Authors: P. G. Siddheshwar, T. N. Sakshath

Abstract:

In the paper we make linear and non-linear stability analyses of Rayleigh-Bénard convection of a Newtonian nanoliquid in a rotating medium (called as Rayleigh-Bénard-Taylor convection). Rigid-rigid isothermal boundaries are considered for investigation. Khanafer-Vafai-Lightstone single phase model is used for studying instabilities in nanoliquids. Various thermophysical properties of nanoliquid are obtained using phenomenological laws and mixture theory. The eigen boundary value problem is solved for the Rayleigh number using an analytical method by considering trigonometric eigen functions. We observe that the critical nanoliquid Rayleigh number is less than that of the base liquid. Thus the onset of convection is advanced due to the addition of nanoparticles. So, increase in volume fraction leads to advanced onset and thereby increase in heat transport.

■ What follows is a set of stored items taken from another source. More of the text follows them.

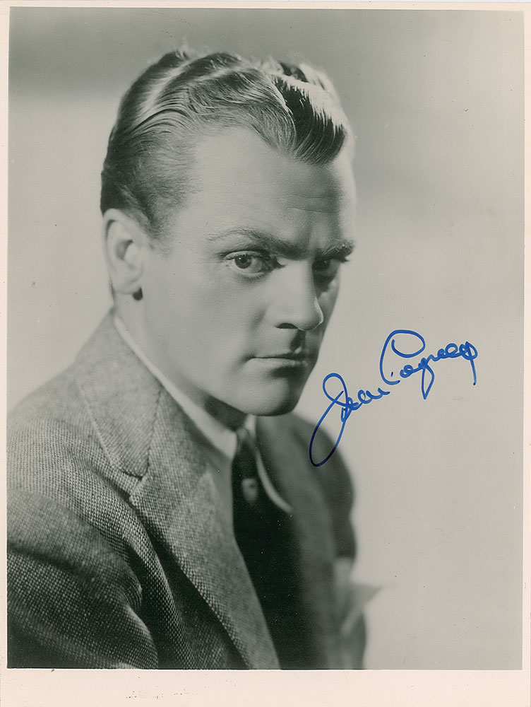 Excellent matte-finish 7.5 x 10 close-up portrait of James Cagney, signed in blue felt tip. In very fine condition, with lightly trimmed borders.
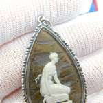 Details: A fantastic and wonderfully designed antique art deco large sterling silver drop pendant set with morpho butterfly wing and sulphide crystal in the form of the Kneeling Aphrodite hallmarked to the reverse c1920. This is a wonderful item that would make a perfect gift or addition to any collection. The BOX pictured is for PRESENTATION ONLY and is NOT included in the listings but used to frame the pictures unless specifically stated otherwise.
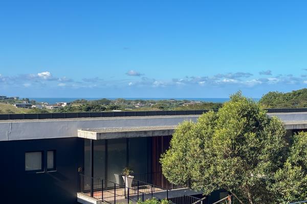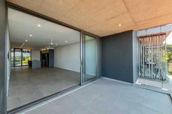 Modern two-bedroom apartment in Forest View, Elaleni Coastal Forest Estate. No Transfer Duty. On entrance the sleek kitchen features a center island, SMEG gas stove, and electric oven, seamlessly flowing into the open-plan dining and lounge area that opens to a covered patio with a frameless glass balustrade. Both bedrooms are ensuite, air-conditioned, and one offers direct access to the balcony. Fibre internet is already installed.
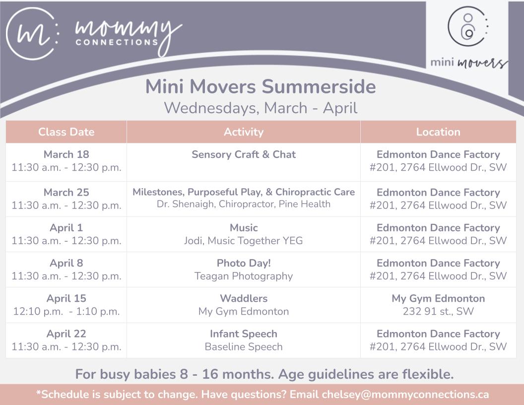 Have a busy, on-the move baby? Learn, socialize and have fun with your active ‘older’ babe! Join us for six weeks of fun and discovery in our Mini Movers Summerside Program for families in South Edmonton and Leduc & Beaumont this spring!
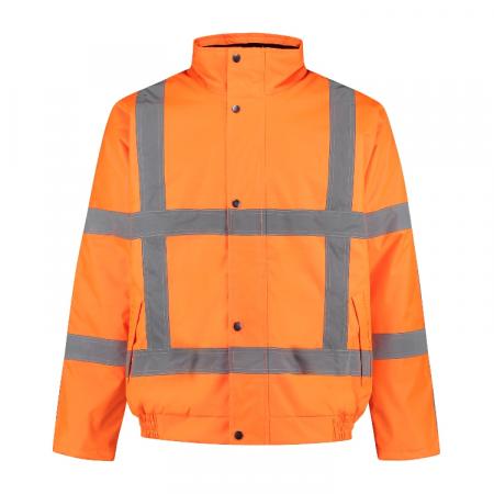 Pilotjack high visibility RWS, 100% Oxford polyester, 200 gram, PU coated, verdekte YKK ritssluiting met drukknoop, 2 voorzakken, binnenzak met klittenband, borstzak met ritssluiting, verdekte capuchon in de kraag, tricot manchetten, elastiek in de band.

The amplitudes of convective modes required for estimating the heat transport are determined analytically. The tri-modal standard Lorenz model is derived for the steady state assuming small scale convective motions. The effect of rotation on the onset of convection and on heat transport is investigated and depicted graphically. It is observed that the onset of convection is delayed due to rotation and hence leads to decrease in heat transport. Hence, rotation has a stabilizing effect on the system. This is due to the fact that the energy of the system is used to create the component V. We observe that the amount of heat transport is less in the case of rigid-rigid isothermal boundaries compared to free-free isothermal boundaries.

Keywords: Nanoliquid, rigid-rigid, rotation, single-phase.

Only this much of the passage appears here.